NORAH O'DONNELL: Is waterboarding torture?

SENATOR SAXBY CHAMBLISS: Waterboarding is one of the specific issues that was investigated by the Department of Justice from the standpoint of does it comply with the Geneva Convention and they made a determination that it is authorized that it is not torture.

NORAH O'DONNELL: Let me ask you about the CIA director, Mister Brennan. There were allegations that the Senate had improperly received some information from the CIA then it was accused by your colleague, Senator Feinstein, that the CIA was snooping on Senate computers, spying on Senate computers. Here's what the director said back in March.
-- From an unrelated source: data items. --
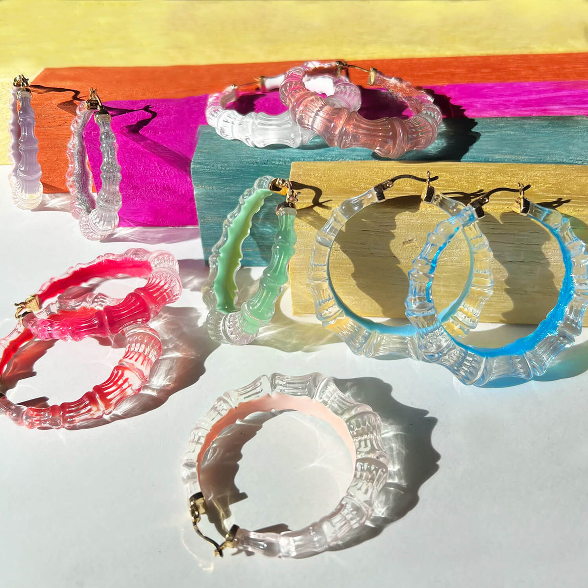 These hoops are handcrafted from lucite with hand-painted enamel and feature 14k gold-plated sterling silver posts.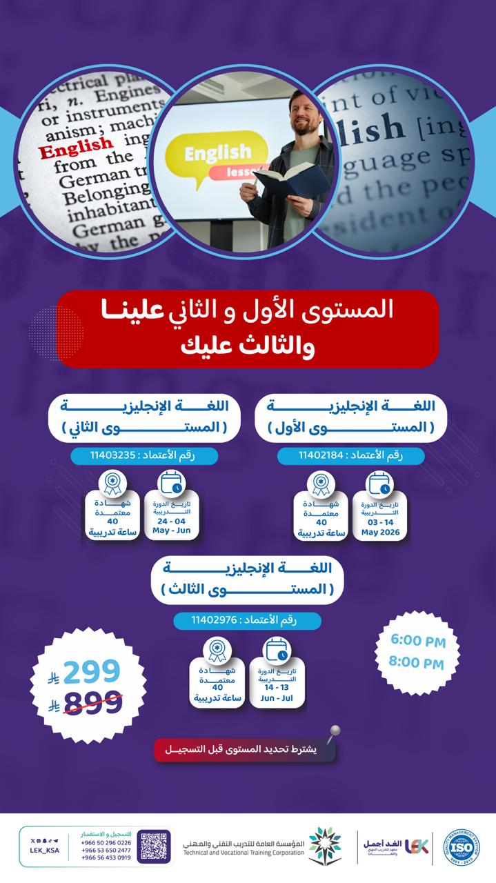 (اللغة الإنجليزية ( المستوى الأول ) 5️⃣ - اللغة الإنجليزية ( المستوى الثاني ) 5️⃣ - اللغة الإنجليزية ( المستوى الثالث ) 5️⃣)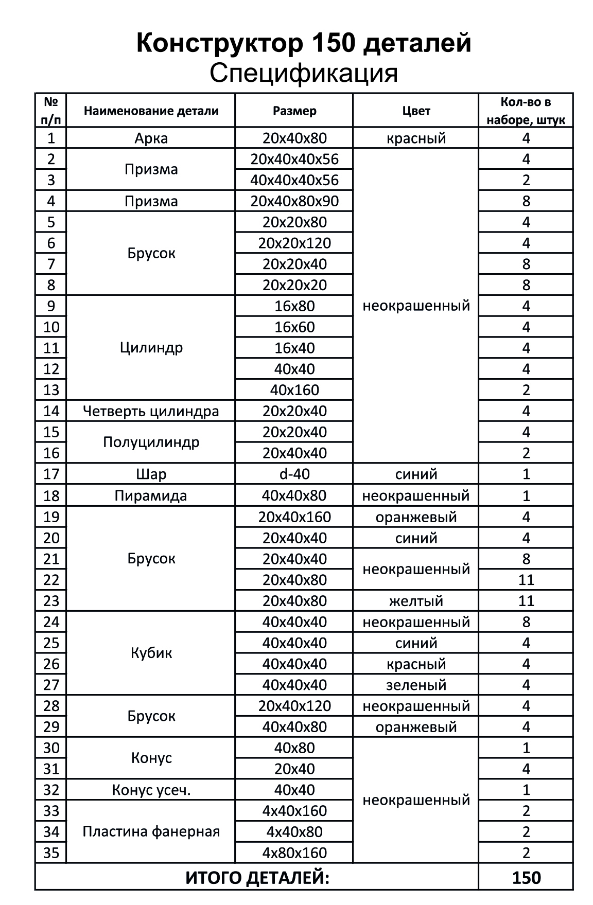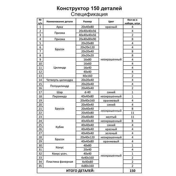 Спецификация № | Наименование | Размер | Цвет | Кол-во Арка — 20×40×80 — красный — 4 Призма — 20×40×40×56 — неокрашенный — 4 Призма — 40×40×40×56 — неокрашенный — 2 Призма — 20×40×80×90 — неокрашенный — 8 Брусок: 5. 20×20×80 — неокрашенный — 4 6. 20×20×120 — неокрашенный — 4 7. 20×20×40 — неокрашенный — 8 8. 20×20×20 — неокрашенный — 8 Цилиндр: 9. 16×80 — неокрашенный — 4 10. 16×60 — неокрашенный — 4 11. 16×40 — неокрашенный — 4 12. 40×40 — неокрашенный — 4 13. 40×160 — неокрашенный — 2 Четверть цилиндра — 20×20×40 — неокрашенный — 4 Полуцилиндр: 15. 20×20×40 — неокрашенный — 4 16. 20×40×40 — неокрашенный — 2 Шар — d-40 — синий — 1 Пирамида — 40×40×80 — неокрашенный — 1 20×40×160 — оранжевый — 4 20×40×40 — синий — 4 Брусок: 21. 20×40×40 — неокрашенный — 8 22. 20×40×80 — неокрашенный — 11 23. 20×40×80 — желтый — 11 Кубик: 24. 40×40×40 — неокрашенный — 8 25. 40×40×40 — синий — 4 26. 40×40×40 — красный — 4 27. 40×40×40 — зеленый — 4 Брусок: 28. 20×40×120 — неокрашенный — 4 29. 40×40×80 — оранжевый — 4 Конус: 30. 40×80 — неокрашенный — 1 31. 20×40 — неокрашенный — 4 Конус усечённый — 40×40 — неокрашенный — 1 Пластина фанерная: 33. 4×40×160 — неокрашенный — 2 34. 4×40×80 — неокрашенный — 2 35. 4×80×160 — неокрашенный — 2.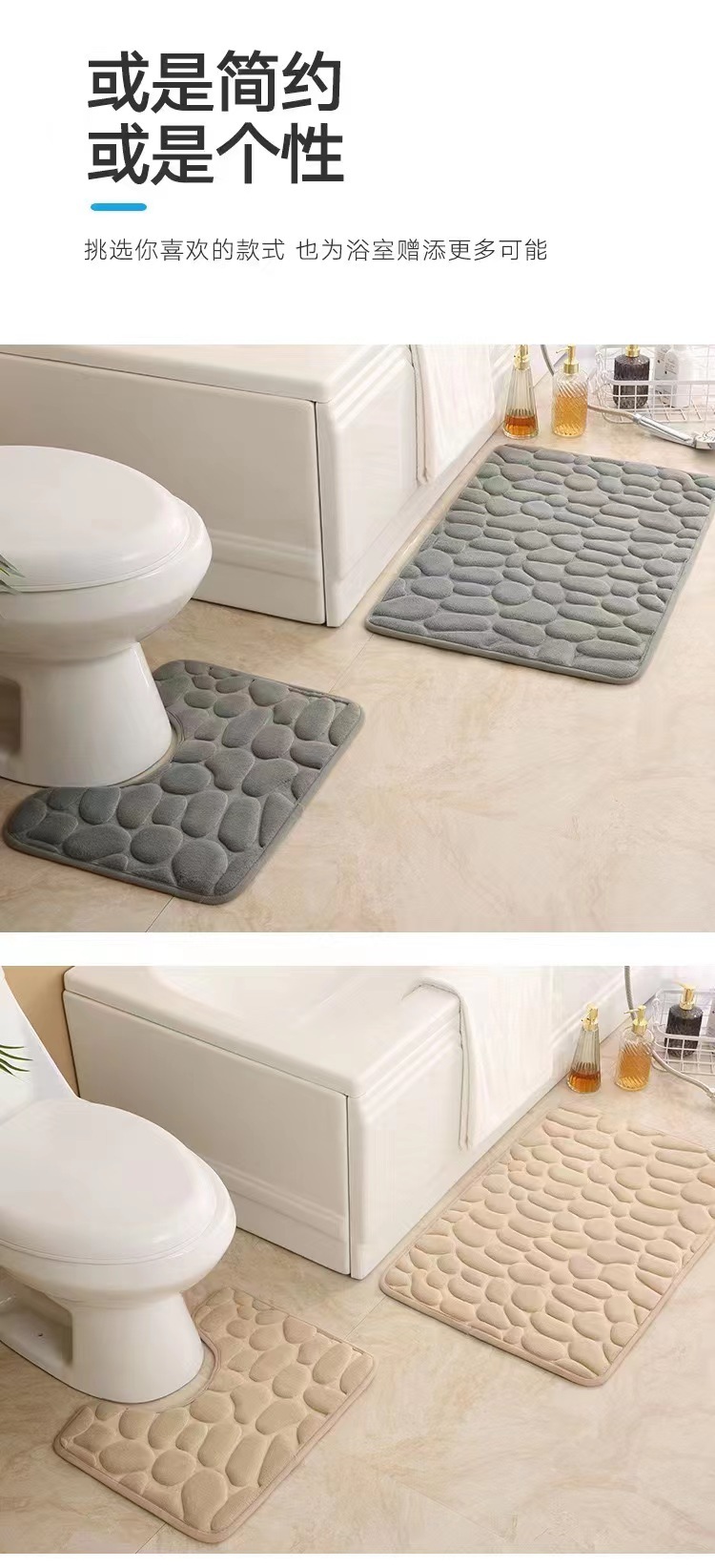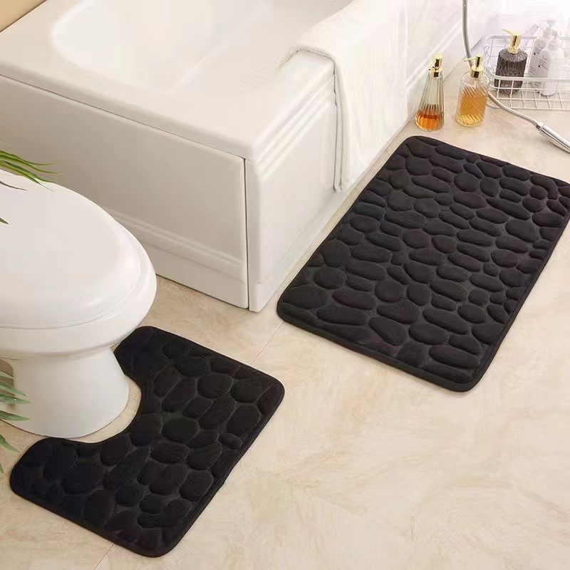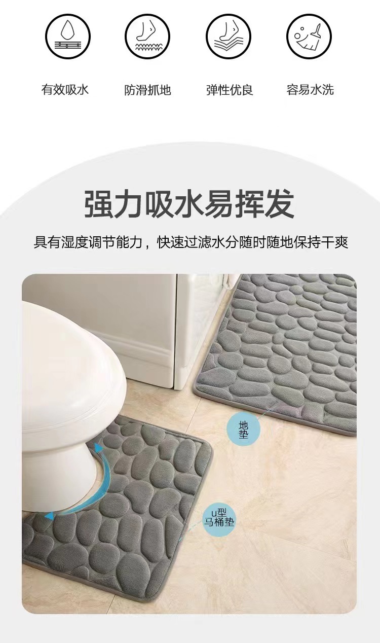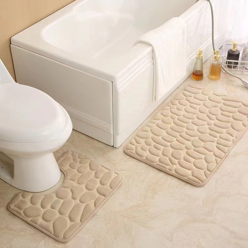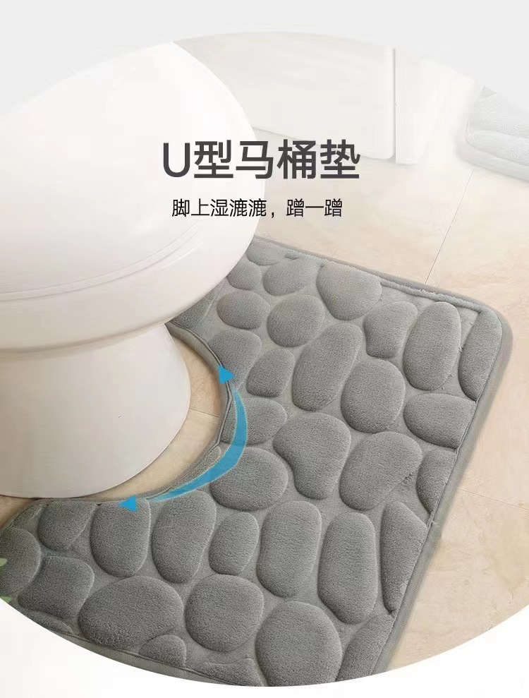 크로스 보더 조약돌 엠보싱 흡수 바닥 매트 U 자형 화장실 3 피스 욕실 바닥 매트 산호 양털 바닥 매트스토어 가기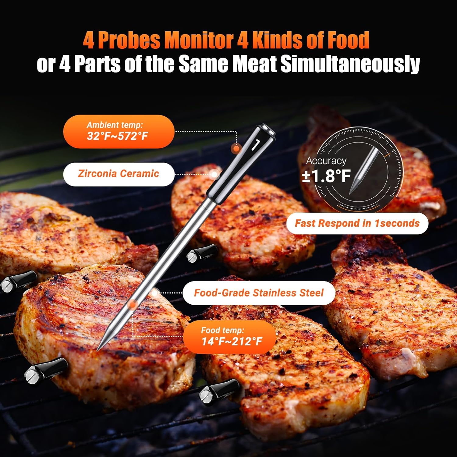 Precise Temperature Control of Remote Range Food Thermometer with ±1℃/±1.8℉ Accuracy and -12.6℉~+12.6℉ Calibation.Each probe is equipped with 2 temperature sensors, which are installed at the head and tail ends to detect the internal food temperature and cooking environment temperature at the same time. Food temperature support range: -10~100℃/14~212℉, ambient temperature support range: 0~300℃/32~572℉.Perfectly grill the lamb/steak/pork chop/roasted chicken with aroma and tenderness on the outside, so that everyone will be satisfied with the food
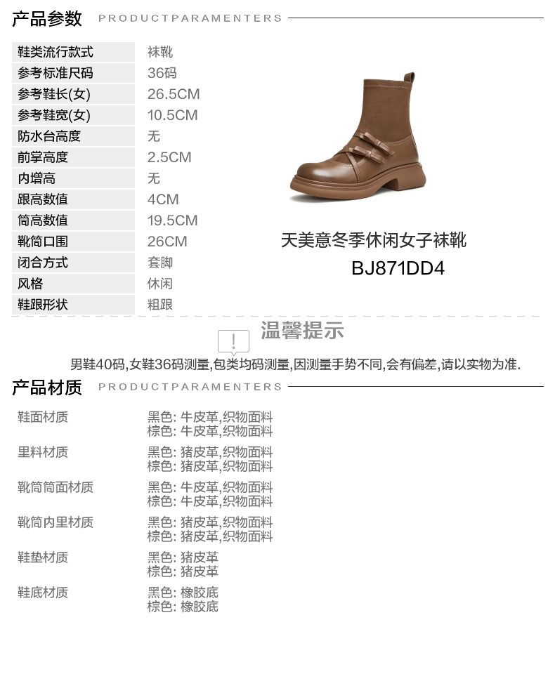| 里料材质:织物面料猪皮革 | 制鞋工艺:胶贴皮鞋 | 款式季节:冬季 | 鞋垫材质:猪皮革 | 渠道划分:线下同步 |
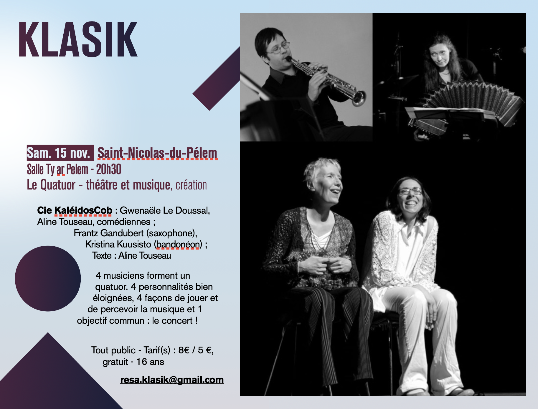 Cie KaléidosCob : Gwenaële Le Doussal, Aline Touseau, comédiennes ; Frantz Gandubert (saxophone), Kristina Kuusisto (bandonéon) ; Texte : Aline Touseau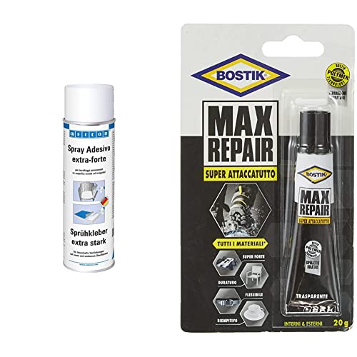 WEICON Colla Spray extraforte 500 ml di adesivo universale per un forte legame & Bostik MAX REPAIR adesivo di riparazione super forte, flessibile, per incollaggi estremi g 20, Trasparente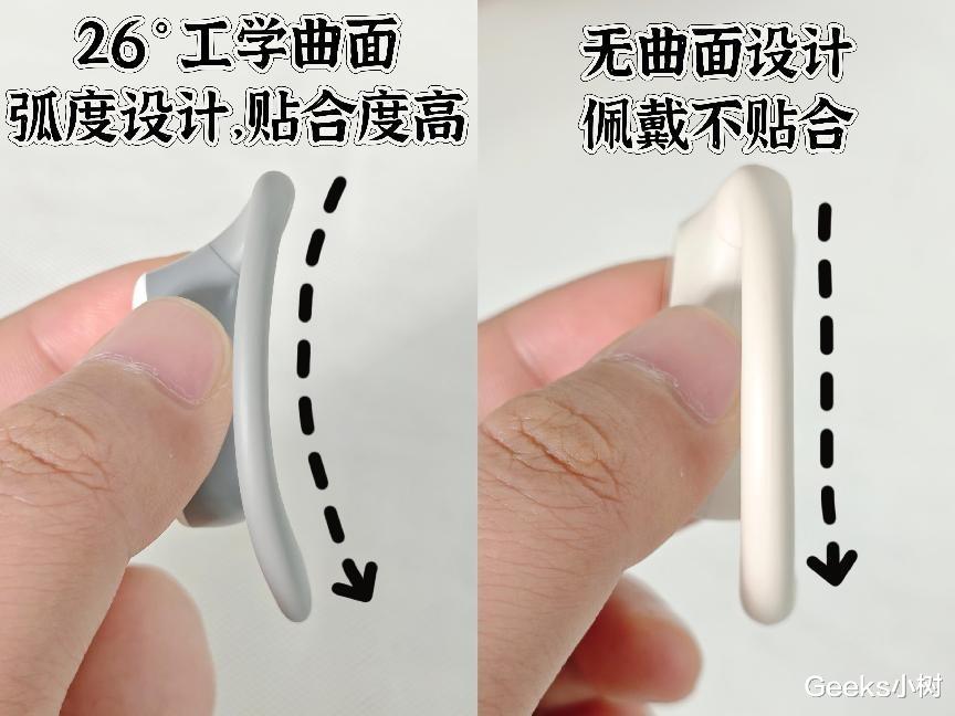 单耳净重8.7克和主体硅胶材质的使用提高了耳机上耳佩戴的舒适感,还有独特的双重折角结构设计,让耳挂更加贴合人体耳部轮廓,做到久戴不压耳。耳机使用的18mm×11mm(等效16mm)定制化跑道型声音驱动单元,让音质更加还原,并且搭配了定向防漏音技术,不会漏音影响他人。耳机装载蓝牙5.2版本和双麦通话降噪保障了日常使用,还有智能一拖二功能和续航6+28h的效果,以及IPX4的防水能力等。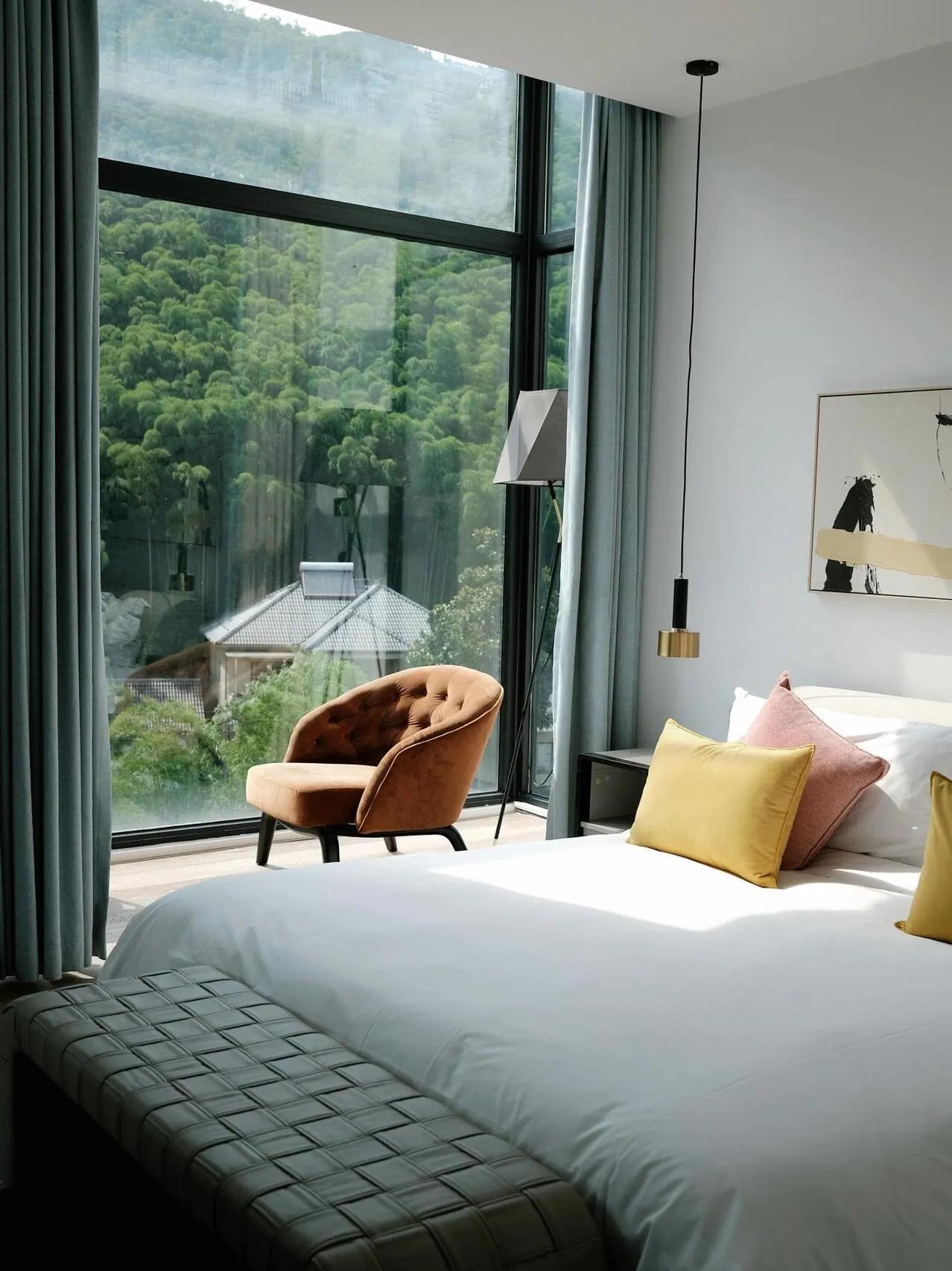楠麓荟民宿是一个让人迷恋的地方 , 融合了神秘的竹海与人间烟火气 。我入住的是2号楼的全景露台套房,超大的落地窗不仅让阳光随时随地洒进屋内,更让人可以无时无刻欣赏窗外的竹林与人家。

JOHN BRENNAN (March 11): As far as the allegations of, you know, CIA hacking into, you know, Senate computers, nothing could be further from the truth. We wouldn't do that. I mean that's-- that's-- that's just beyond the-- the, you know, the scope of-- of reason.

NORAH O'DONNELL: He said beyond the scope of reason. He called you this past week and apologized. What did he say?

SENATOR SAXBY CHAMBLISS: He did. You have to remember I did not support John Brennan's nomination to be director of CIA so if he has a critic it's certainly me, although I think John has done a really good job as a director. John, when he found out about this breach or about the information that was received by certain Senate staffers on the Democratic side, he called Senator Feinstein and me and he came to us and he sat down, said here's what happened. Well, the fact is we now know he didn't have all the facts. Once he got all the facts he came back and he did apologize. He was wrong. Senator Feinstein was right. And--

NORAH O'DONNELL: But when you hear the CIA is spying on Senate computers?

SENATOR SAXBY CHAMBLISS: Yeah. Well, these are their computers that were on their premises but they were being--

NORAH O'DONNELL: But senators--

SENATOR SAXBY CHAMBLISS: --dedicated to Senate staff. And I'm going to tell you this is very, very serious. If I thought John Brennan knew about this, then it would be certainly we'd be calling for his resignation. But the OIG made a specific finding that he did not. But I will tell you these five staffers that did this, if they worked for me they'd be gone now but the accountability board has been convened and they will be looking into this and-- and they will be dealt with accordingly.

NORAH O'DONNELL: Senator Saxby Chambliss, thank you so much.


NORAH O'DONNELL: And we will be right back.


NORAH O'DONNELL: We've got a lot more coming up. Stay with us.


NORAH O'DONNELL: Some of our stations are leaving us now but for most of you we will be right back with a lot more FACE THE NATION. Stay with us.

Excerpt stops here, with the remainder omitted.